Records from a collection
* * * *

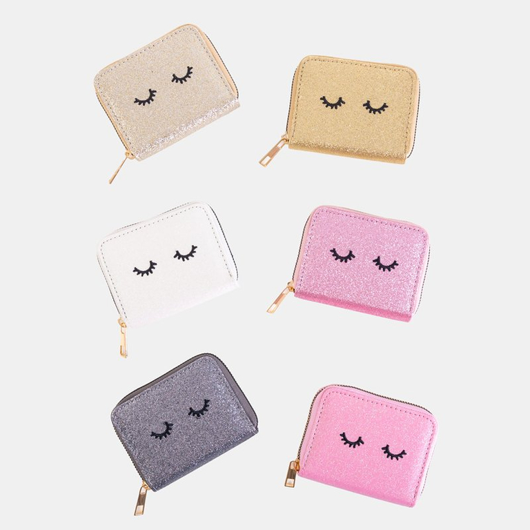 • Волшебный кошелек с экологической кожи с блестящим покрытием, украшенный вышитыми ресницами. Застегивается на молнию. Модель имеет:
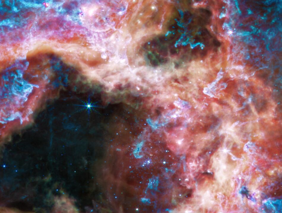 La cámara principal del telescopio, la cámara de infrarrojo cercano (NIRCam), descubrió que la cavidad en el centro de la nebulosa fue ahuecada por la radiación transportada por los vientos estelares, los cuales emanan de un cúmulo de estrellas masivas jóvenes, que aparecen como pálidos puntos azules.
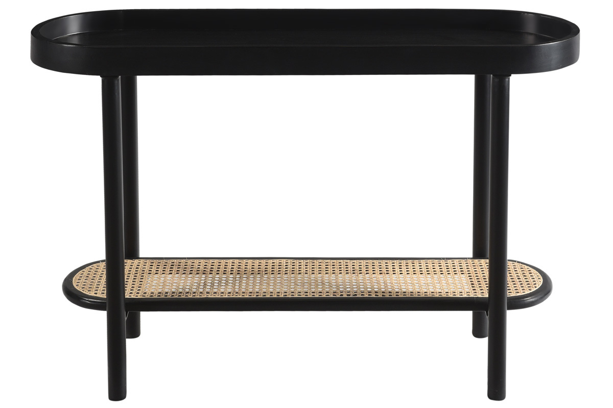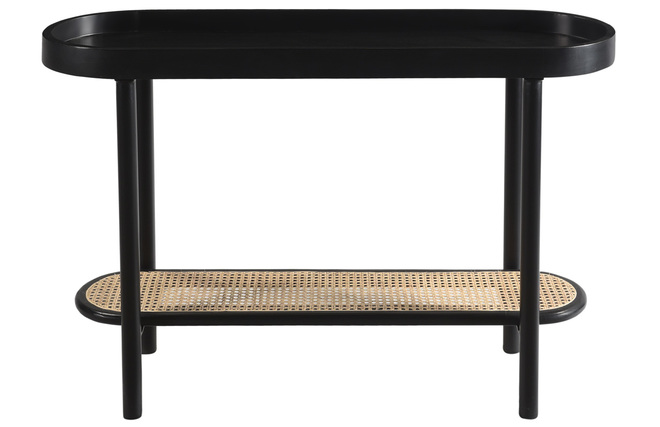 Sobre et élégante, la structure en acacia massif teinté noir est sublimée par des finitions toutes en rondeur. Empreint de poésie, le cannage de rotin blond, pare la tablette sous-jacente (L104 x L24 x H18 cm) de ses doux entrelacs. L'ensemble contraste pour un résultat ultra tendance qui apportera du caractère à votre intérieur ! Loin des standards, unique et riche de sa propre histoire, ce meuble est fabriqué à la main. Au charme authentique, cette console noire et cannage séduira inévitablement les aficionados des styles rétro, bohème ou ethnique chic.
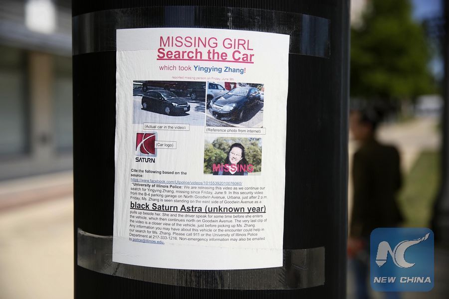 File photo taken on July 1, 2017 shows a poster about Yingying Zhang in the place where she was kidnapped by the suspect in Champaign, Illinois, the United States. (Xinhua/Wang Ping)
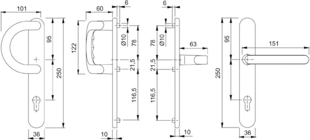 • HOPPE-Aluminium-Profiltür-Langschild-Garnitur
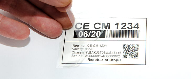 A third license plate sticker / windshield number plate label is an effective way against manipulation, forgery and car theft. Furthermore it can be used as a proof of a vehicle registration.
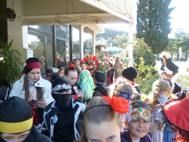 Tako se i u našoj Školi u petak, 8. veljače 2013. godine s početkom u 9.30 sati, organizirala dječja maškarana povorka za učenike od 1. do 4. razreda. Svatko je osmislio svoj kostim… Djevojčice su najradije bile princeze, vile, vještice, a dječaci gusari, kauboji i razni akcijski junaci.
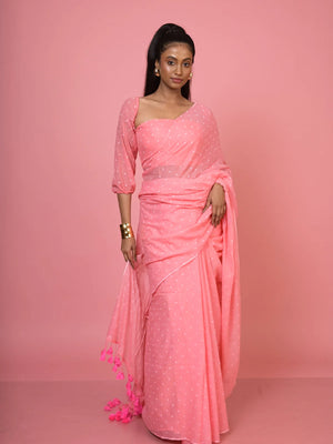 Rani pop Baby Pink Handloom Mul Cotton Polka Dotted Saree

* * * *

▶ _EXERCISE GOAL_:
What you return must match the lines above from the one with "La cámara principal" through the one with "Sobre et élégante, la" exactly, with both ends included and the pictures excluded.

▶ _OUTPUT_:
 La cámara principal del telescopio, la cámara de infrarrojo cercano (NIRCam), descubrió que la cavidad en el centro de la nebulosa fue ahuecada por la radiación transportada por los vientos estelares, los cuales emanan de un cúmulo de estrellas masivas jóvenes, que aparecen como pálidos puntos azules.
 Sobre et élégante, la structure en acacia massif teinté noir est sublimée par des finitions toutes en rondeur. Empreint de poésie, le cannage de rotin blond, pare la tablette sous-jacente (L104 x L24 x H18 cm) de ses doux entrelacs. L'ensemble contraste pour un résultat ultra tendance qui apportera du caractère à votre intérieur ! Loin des standards, unique et riche de sa propre histoire, ce meuble est fabriqué à la main. Au charme authentique, cette console noire et cannage séduira inévitablement les aficionados des styles rétro, bohème ou ethnique chic.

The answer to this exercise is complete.